In September 1999 Harry Stanley was fatally shot by a police office. He was carrying a table leg in a plastic bag. Police believed that he was carrying a concealed weapon. The inquest returned an open verdict. A second inquest concluded a verdict of unlawful killing. The police challenged this verdict and it was quashed. The reason given by the judge for a final decision of lawful killing was that the police officers genuinely believed Mr Stanley was going to shoot.
In both cases, juries found that the police had acted lawfully even though they were mistaken in thinking that the men posed an immediate threat. The police officers tasked with confronting the ‘armed’ men believed the danger was real. This meant the action that the officers took was lawful.
So what does this have to do with business owners and managers?

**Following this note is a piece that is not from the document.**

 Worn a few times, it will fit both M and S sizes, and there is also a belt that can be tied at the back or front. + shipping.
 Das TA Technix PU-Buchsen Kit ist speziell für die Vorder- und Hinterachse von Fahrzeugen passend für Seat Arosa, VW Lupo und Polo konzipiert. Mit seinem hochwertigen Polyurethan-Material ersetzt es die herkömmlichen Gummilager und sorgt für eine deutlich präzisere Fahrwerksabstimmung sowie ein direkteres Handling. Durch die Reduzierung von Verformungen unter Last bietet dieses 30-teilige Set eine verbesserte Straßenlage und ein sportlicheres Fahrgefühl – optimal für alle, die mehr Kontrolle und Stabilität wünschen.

In scenarios where the disciplinary procedure has to be invoked, or someone raises a grievance or is off sick long-term, management decisions need to be made about future action to control unsatisfactory situations. As with police investigations, an informal investigation is carried out before a formal meeting is held. According to ACAS, the advisory service, employers are required to undertake ‘reasonable investigation’ in order to determine if there is ‘reasonable belief’ that the situation under investigation took place. The evidence collected during these investigations and any additional information that comes to light during formal meetings is then used when the manager determines appropriate action.

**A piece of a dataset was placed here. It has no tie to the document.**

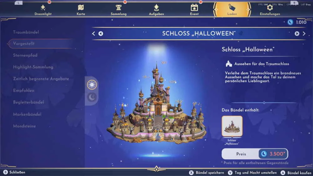 In dem Ingame-Shop findest du aktuell unter den vorgestellten kosmetischen Items das „Schloss Halloween“. Das Schloss ist vereinfacht gesagt ein Skin für das Traumschloss und kostet 3.500 Mondsteine.
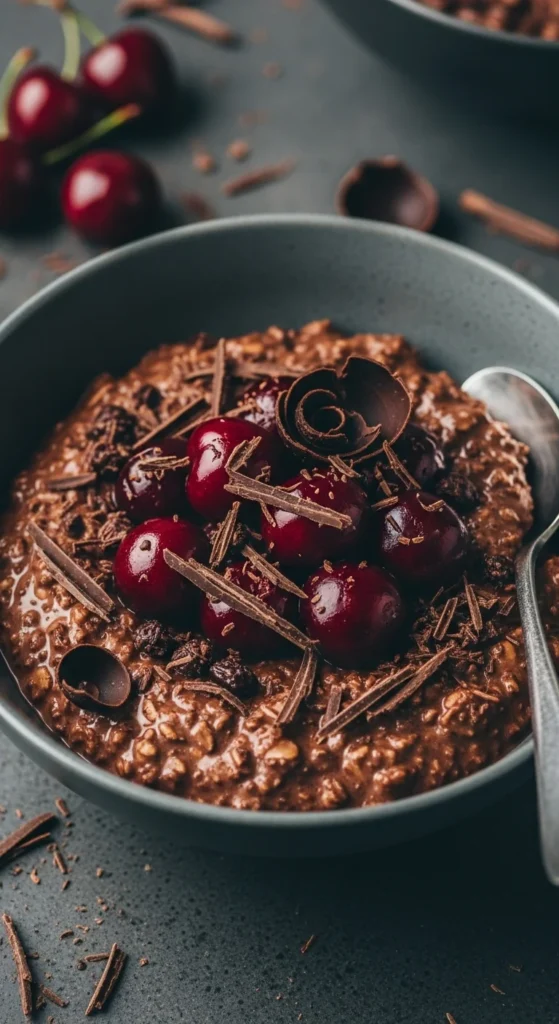 A dessert-like breakfast that still feels wholesome — oats with dark chocolate and cherries.

The onus on a manager is not as burdensome as that required of a police officer. However, it is important that when making decisions which lead to disciplinary sanction or dismissal there is reasonable belief that the sanction or dismissal is the correct course of action.
The way to reach ‘reasonable belief’ is to ensure that the investigations are undertaken by someone independent and to be sure that the evidence gathered allows that conclusion. Where practicable, the person investigating should not be the person running the formal meeting. This is not always possible in small organisations. In order to provide an independent investigation many employers will turn to organisations like TimelessTime who can provide thorough, informal investigations.

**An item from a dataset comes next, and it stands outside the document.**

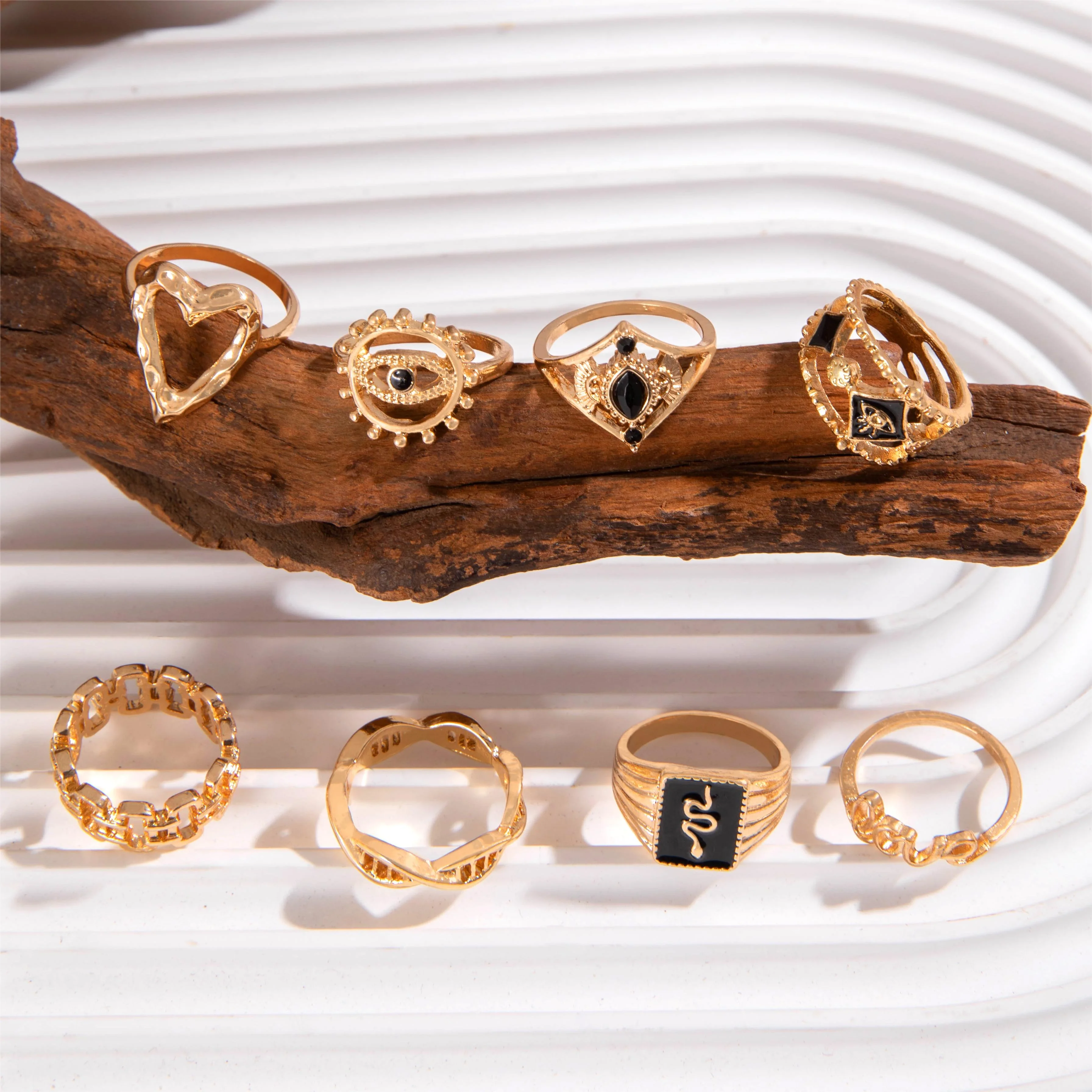 Fleepmart Luxury Gold Color Eye Heart Joint Rings Set for Women Classic Letter Snake Ringns Set Jewelry Party 8pcs/set

The decision on what management action to take should be made after a meeting has taken place with the individual or individuals concerned. In many cases this will be a formal meeting, and the way it is called and the proceedings during and after the meeting must comply with current employment law.
If the conclusion of the process is that, on balance, there is a reasonable belief that the situation occurred then management action such as a sanction will be lawful. If, however, there is no support for reasonable belief, the process must stop and no further management action can be taken.
No Need for Proof
So the manager’s right to act, to sanction or dismiss, is dependent on the manager having grounds for reasonable belief that the situation occurred. There is no need for proof beyond reasonable doubt or proof on balance of probabilities, just reasonable belief.
If that reasonable belief is supported by evidence from the investigation, the law will support the manager, even if ultimately the manager is mistaken in his or her belief.
It is difficult for managers to know everything about employment law, but with the right help and support there is no need for anyone to misunderstand what they can and can’t do.